I think it’s important because people, especially young people, need to see themselves represented in the media because it helps us realise that there are others out there similar to ourselves, and in turn that helps us understand and accept ourselves on a deeper level. Research has proven that the media we consume affects how we live our lives, how we see other people and how we think about ourselves. Representation opens dialogue and makes people feel seen.

One of the reasons why I couldn’t wait to interview you was because you are part of an online movement that makes it so a wider range of people see them self portrayed on social media in a way that is incredibly positive. Have you ever received any negativity online for the content you share and how do you deal with it?

Yes! A lot, I received messages about being openly queer, about being fat, about my political views. I used to fight back, try argue with them and try to educate where possible, but this takes a lot of energy, especially when the comments come from people close to you. Now on occasion I still fight, but I pick my battles carefully, I don’t engage in situations that I feel would negatively affect my day or my mental health. If I choose not to engage I usually delete and block the person concerned, if that’s not possible I take a break from whatever social media the comment was made. I also find some of the negativity hilarious and screenshot the comments to share with friends.

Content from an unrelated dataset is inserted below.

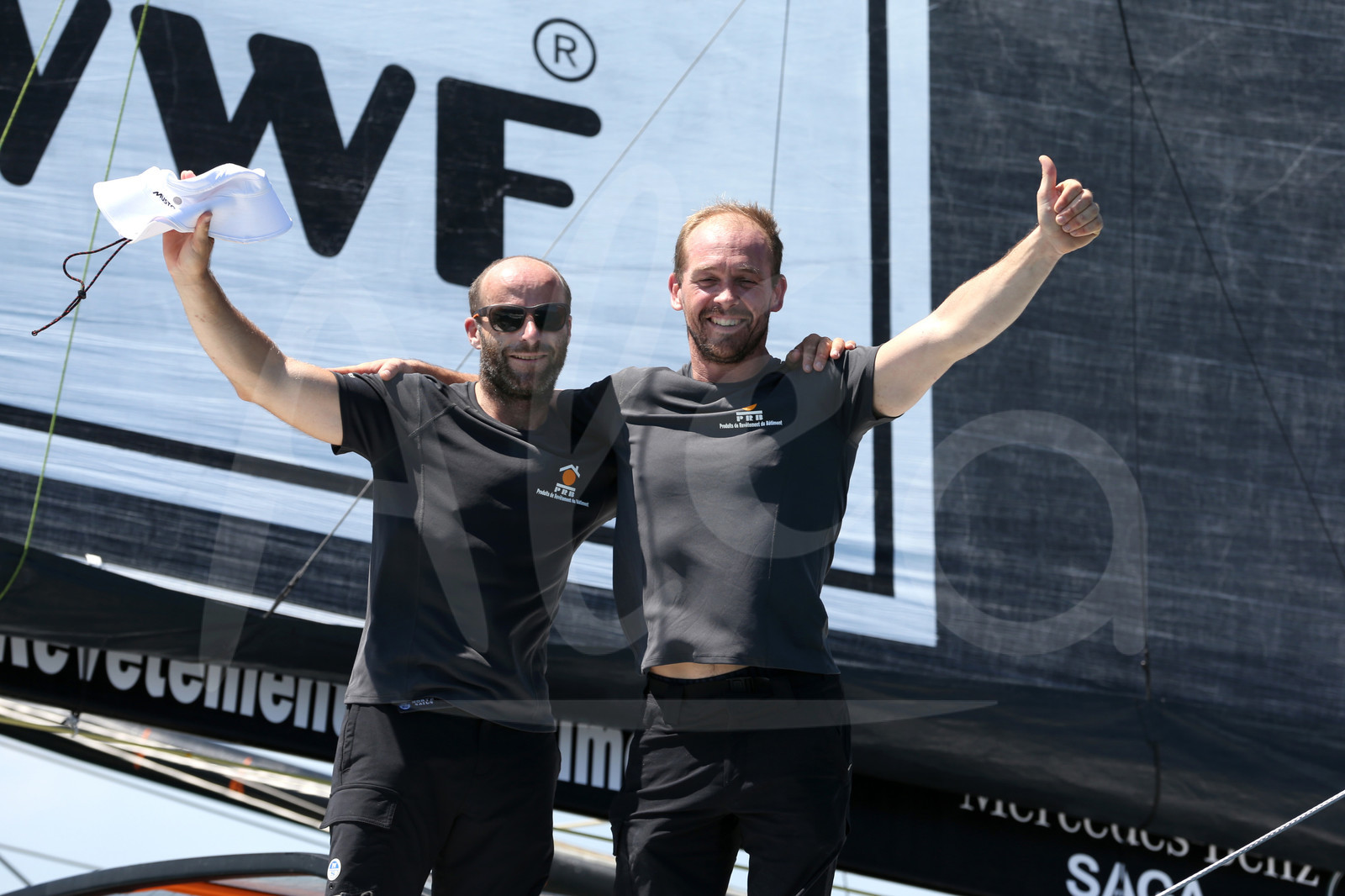 Description | SALVADOR DE BAHIA, BRAZIL - NOVEMBER 10: PRB skippers Kevin Escoffier and Nicolas Lunven celebrate taking 2nd place of the Imoca category of the Transat Jacques Vabre 2019 on November 10, 2019 in Bahia, Brazil. Transat Jacques Vabre is a duo sailing race from Le Havre, France, to Salvador de Bahia, Brazil. (Photo by Jean-Marie Liot/Alea) |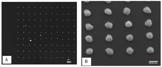 SEM images of nanoparticles obtained with (A) electron beam lithography (EBL) method. The nanoparticles are perfectly aligned within a well-defined array (B) and are not perfectly spherical or ellipsoidal.

Your screenshots are pretty legendary! From an outsider, it always seems to me that you use your social media to uplift and support other people. Why do you think it is important for people to use their voices to uplift other people?

I think in today’s society it’s necessary to uplift others, especially those less visible in the mainstream.  It’s easy to go on social media and see the mainstream and suddenly feel very inadequate, I believe that by supporting and uplifting women and people it encourages similar patterns and then social media becomes a more diverse, encouraging, positive place. When you post on social media it has an effect on the people that see that post, so why not use that platform to encourage positive change and expose people to people, experiences and views that they may not see otherwise?

If you could give people advice on how to accept who they are and feel more confident in them self, what would you say?

I would say  one of the first and most important steps is to remove people that negatively impact your life,  whether that’s unfollowing social media accounts that make you feel bad about yourself or you get a negative feeling from, or completely removing yourself from a real life relationship or friendship group that you know or feel is toxic (that’s easier said than done I know, but trust me it makes a world of difference). Then just explore who you are, find the things that make you smile and follow them, grow with them and find a community that you feel supported in. If you have real deep routed self confidence issues I would suggest accessing therapy if possible, if it’s not possible finding someone your trust to confide in. Don’t do things because you think they’ll make others happy, trust your instincts if you feel it’s not the right path for you then don’t do it. Don’t be afraid to follow your own path. Trust yourself and know that you are always worthy of love and acceptance.

I think those words are something a lot of people could really do with hearing and are the start of having a great way at looking at life. If you could sum up your outlook on life in one statement, what would it be?

If it doesn’t negatively impact another living being and it makes you happy then go for it. In other words my outlook on life is just “fuck it!”